Jordan explained to Mail Online Travel that the trouble makers in the area have a tendency to zoom about in skiffs at up to 30 or 40 knots with no lights – and he set out from Khôr 'Angar at 4am when it was dark. So he had a lot to be concerned about. But then, Jordan is skilled in the art of avoiding trouble.

Jordan at Khôr 'Angar before setting off. Jordan had spent 10 days in-country beforehand monitoring tides and the security situation. He put a great deal of effort into planning the operation.

He said:

‘There were many logistical challenges. I spent 10 days in-country monitoring the traffic of vessels, monitoring tides and sea states and of course the ever-changing security situation.
‘I also had a VHF radio which was tuned in to Channel 16 in the High Risk Area and could regularly hear commercial shipping captains warning other vessels about suspicious small vessels in the area. This obviously made me very nervous.
‘I had regular excellent intelligence updates daily from“Gray Page”, a leading British maritime security consultancy which provided me with information on suspicious activity, current threats, the situation in Yemen and so on and I also had regular communications via sat comms with “Eton Harris”, a UAE-based firm that sponsored this project.

Of Jordan's tech support for the trip, he said:

'I had a VHF radio which was tuned in to Channel 16 in the High Risk Area and could regularly hear commercial shipping captains warning other vessels about suspicious small vessels in the area'. ‘It should also be noted that Saudi Arabia announced a partial ceasefire in the region I was rowing the day before I set off, which was a stroke of good fortune.’

While out on the water, it was just Jordan, the intense sunshine and big currents.The finish point was Ras Siyyan, just up the coast, via Perim Island in Yemen.

Jordan spent four days in the Khôr 'Angar camp at before tackling his rowing challenge. Here he ate freshly caught fish every day - but suffered diarrhoea and was physically sick

The UK Foreign and Commonwealth Office advised Jordan against rowing the strait.

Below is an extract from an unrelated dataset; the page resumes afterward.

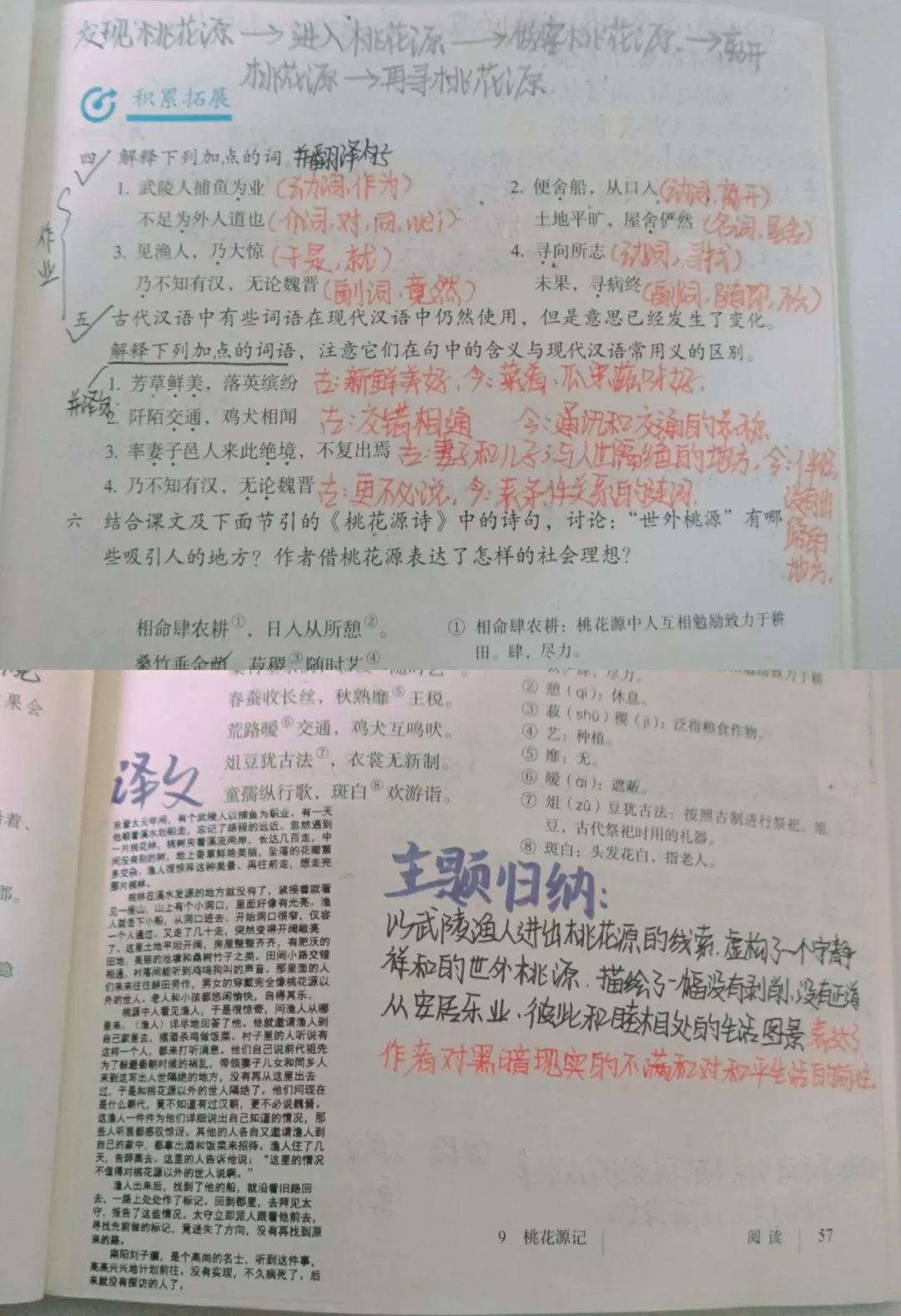 已武陵渔人进出桃花源的线索,虚构了一个宁静祥和的世外桃源,描绘了一个没有剥削、人人安居乐业、彼此和睦相处的生活图景,表达了作者对黑暗现实的不满和对和平生活的向往。

He continued:

‘I was completely unarmed and unsupported - at sea - but I did have photographer Stephen McGrath documenting and tracking me and also a small local crew of a fixer, a driver and local guide from Djibouti who made sure I had no issues whilst making my way towards the Eritrean border in Northern Djibouti.
 ‘On the day the sea conditions were very favourable on the way out towards Yemen but on the way back in I battled some fast currents in the blistering 38 degrees heat and suffered from excessive dehydration for the next two days - and my hands are completely blistered too.
‘There were a few hairy moments when I was approached by armed men in fast skiffs, but fortunately for me, they were coastguards protecting Djibouti and Yemen respectively. There were also many small fishing vessels out there, which of course I did my best to steer clear of, as you never know who the bad guys are. We used to say “every pirate is also a fisherman but not every fisherman is also a pirate”…
‘The boat was built by Rannoch Adventure in the UK and was designed for adventures. They kindly allowed me to gift the boat when I had finished to a local rowing club in Djibouti. And helped with my training plans too.'

Jordan trained extensively for 12 months with some of the greatest names in rowing, including double Olympic champion Alex Gregory MBE and fellow Olympic medalist James Foad.

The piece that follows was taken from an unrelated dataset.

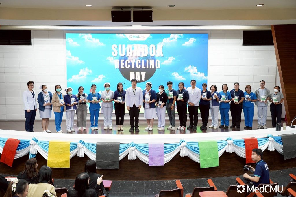 รศ.นพ.นเรนทร์ โชติรสนิรมิต คณบดีคณะแพทยศาสตร์ มช. เป็นประธานเปิดกิจกรรม “Suandok Recycling Day” โดยมี ศ.พญ.อรินทยา พรหมินธิกุล ผู้อำนวยการโรงพยาบาลมหาราชนครเชียงใหม่ กล่าวรายงาน

His main motivation for the rowing voyage was to raise money for three charities –Frontline Children, Epilepsy Action and Seafarers UK - and help fund the building of a school for war refugees in As'Eyla in Djibouti

He’s now feeling ecstatic that all the hard work paid off. He said:

‘It was very emotional reaching Ras Siyyan at the end. Two years of planning and 12 months of training. To get there was magical and seeing a group of bull sharks on arrival was quite cool as Ras Siyyan is a mountain that depicts a shark fin.
‘It was the toughest thing I’ve ever done. However, what is more important, is that the world takes notice of the humanitarian crisis in Yemen and the sheer number of casualties and losses that are being suffered by children daily. These are the completely innocent victims of this conflict and the world needs to do more to protect them.’